Kent Overstreet - 11.02.24, 19:51:32 CET:
> On Sun, Feb 11, 2024 at 06:06:27PM +0100, Martin Steigerwald wrote:
[…]
> > CC'ing BCacheFS mailing list.
> > 
> > My original mail is here:
> > 
> > https://lore.kernel.org/linux-usb/5264d425-fc13-6a77-2dbf-6853479051a0
> > @applied-asynchrony.com/T/ #m5ec9ecad1240edfbf41ad63c7aeeb6aa6ea38a5e
> > 
> > Holger Hoffstätte - 11.02.24, 17:02:29 CET:
> > > On 2024-02-11 16:42, Martin Steigerwald wrote:
> > > > Hi!
> > > > I am trying to put data on an external Kingston XS-2000 4 TB SSD
> > > > using
> > > > self-compiled Linux 6.7.4 kernel and encrypted BCacheFS. I do not
> > > > think BCacheFS has any part in the errors I see, but if you
> > > > disagree
> > > > feel free to CC the BCacheFS mailing list as you reply.
> > > 
> > > This is indeed a known bug with bcachefs on USB-connected devices.
> > > Apply the following commit:
> > > 
> > > https://git.kernel.org/pub/scm/linux/kernel/git/torvalds/linux.git/c
> > > ommi t/fs/bcachefs?id=3e44f325f6f75078cdcd44cd337f517ba3650d05
> > > 
> > > This and some other commits are already scheduled for -stable.
> > 
> > Thanks!
> > 
> > Oh my. I was aware of some bug fixes coming for stable. I briefly
> > looked through them, but now I did not make a connection.
> > 
> > I will wait for 6.7.5 and retry then I bet.
> 
> That doesn't look related - the device claims to not support flush or
> fua, and the bug resulted in us not sending flush/fua devices; the main
> thing people would see without that patch, on 6.8, would be an immediate
> -EOPNOTSUP on the first flush journal write.
> 
> He only got errors after an hour or so, or 10 minutes with UAS disabled;
> we send flushes once a second. Sounds like a screwy device.

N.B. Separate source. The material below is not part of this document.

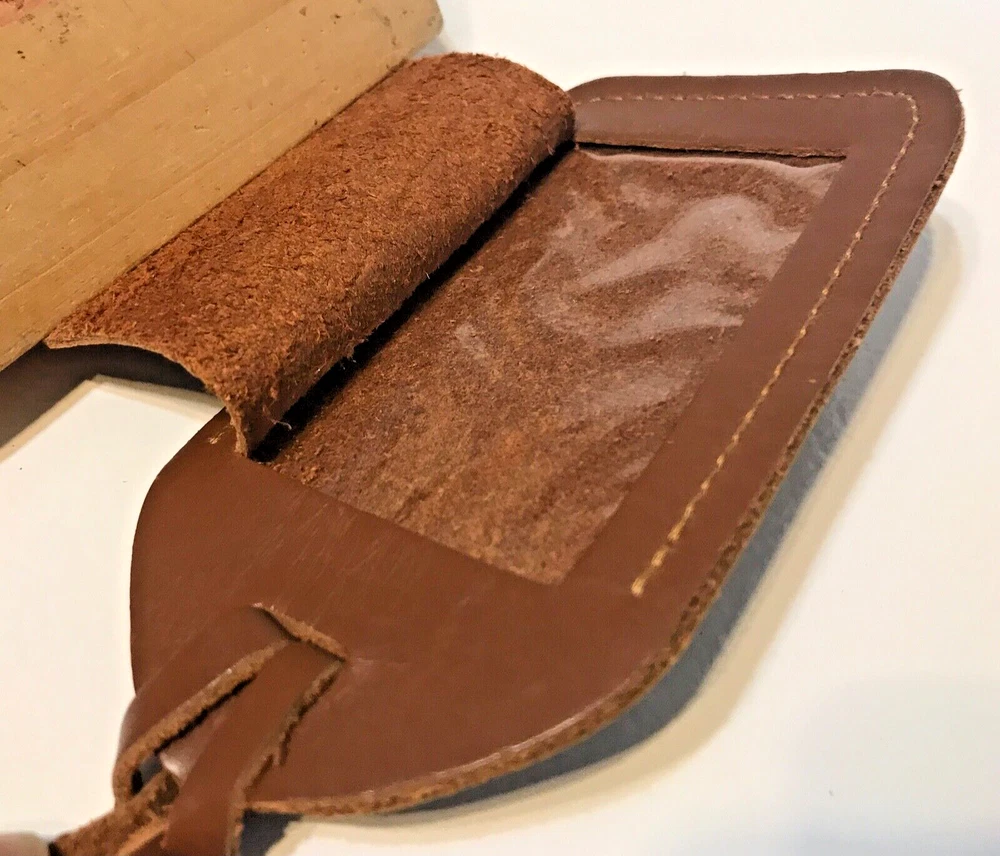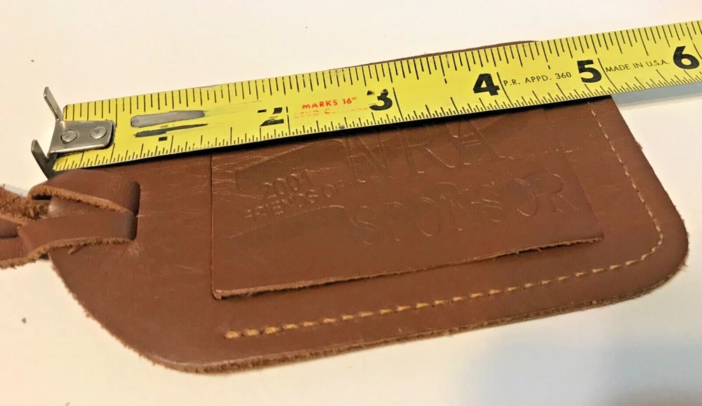 Vintage 2001 NRA Tan Leather Luggage ID Address Business Card Holder Hanging Showing Light Use Very Good to Excellent Condition Holds a Standard Business Card Great for Luggage, Gun Cases and Bags, Briefcases or Anything you want to mark with your Name & Info Measures 5" Long 2 3/4" Wide with Long 6" Leather Hanging Loop From my Parents or other Family Members Estates Don't Want to Wait or Bid or Spend Quit that Much Please Make Us an Offer All reasonable offers will be considered and receive a response Shipped Well Padded & Secure via USPS Ground Advantage or Priority Mail or Priority Flat Rate with Tracking & Ins. And we do our Best to Ship in One Day or Less Our photos are the most important part of our listing Tag Card Holder you see is the one you will get and are part of the Description, LOOK , They are 1000's of words we try to offer many from all sides. Please check them closely and let us know if we can give any additional info. We don't Clean, Shine or Oil anything all items are just as we found them, more fun that way and you get a better idea of what you are getting as it is easy to make a tired item look like a Million Bucks, you are seeing it without or before its all Dolled up that's on you Always willing to Combine to save you money on postage Thanks for the Look and Consideration Returns are accepted when item is not as described, but if item has any additional flaws or shows use the buyer pays return shipping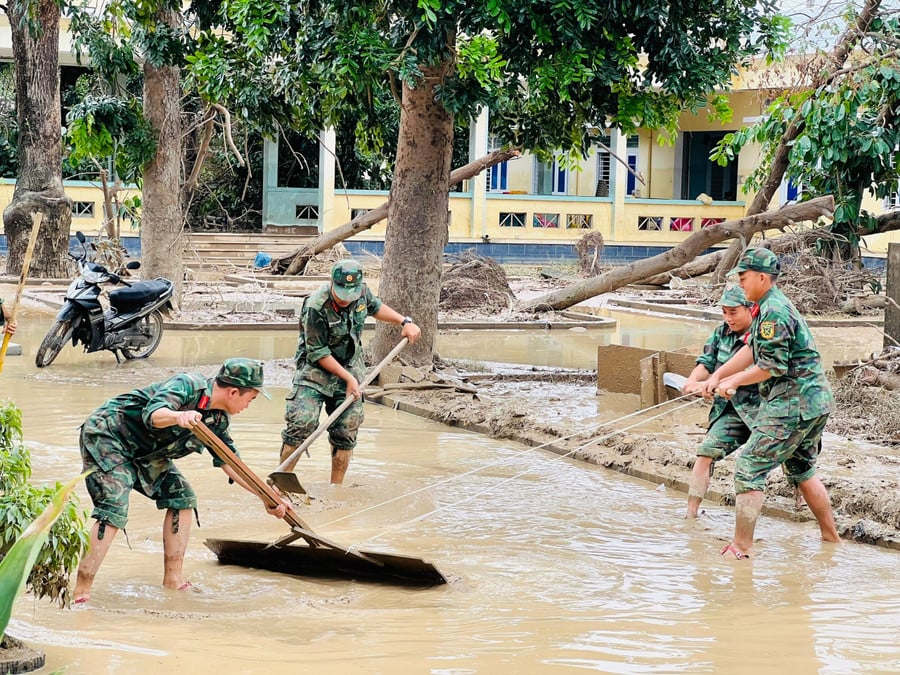 Lực lượng quân đội hỗ trợ dọn vệ sinh khuôn viên Bệnh viện Tâm thần Quy Nhơn (phường Quy Nhơn Bắc) do ảnh hưởng của lũ lụt. Ảnh: Minh Nhật

Thanks for that explanation, Kent.

I am the one with that external Transcend XS 2000 4 TB SSD and I
specifically did not CC bcachefs mailing list at the beginning as after
seeing things like

[33963.462694] sd 0:0:0:0: [sda] tag#10 uas_zap_pending 0 uas-tag 1 inflight: CMD 
[33963.462708] sd 0:0:0:0: [sda] tag#10 CDB: Write(16) 8a 00 00 00 00 00 82 c1 bc 00 00 00 04 00 00 00
[…]
[33963.592872] sd 0:0:0:0: [sda] tag#10 FAILED Result: hostbyte=DID_RESET driverbyte=DRIVER_OK cmd_age=182s

I thought some quirks in the device to be at fault.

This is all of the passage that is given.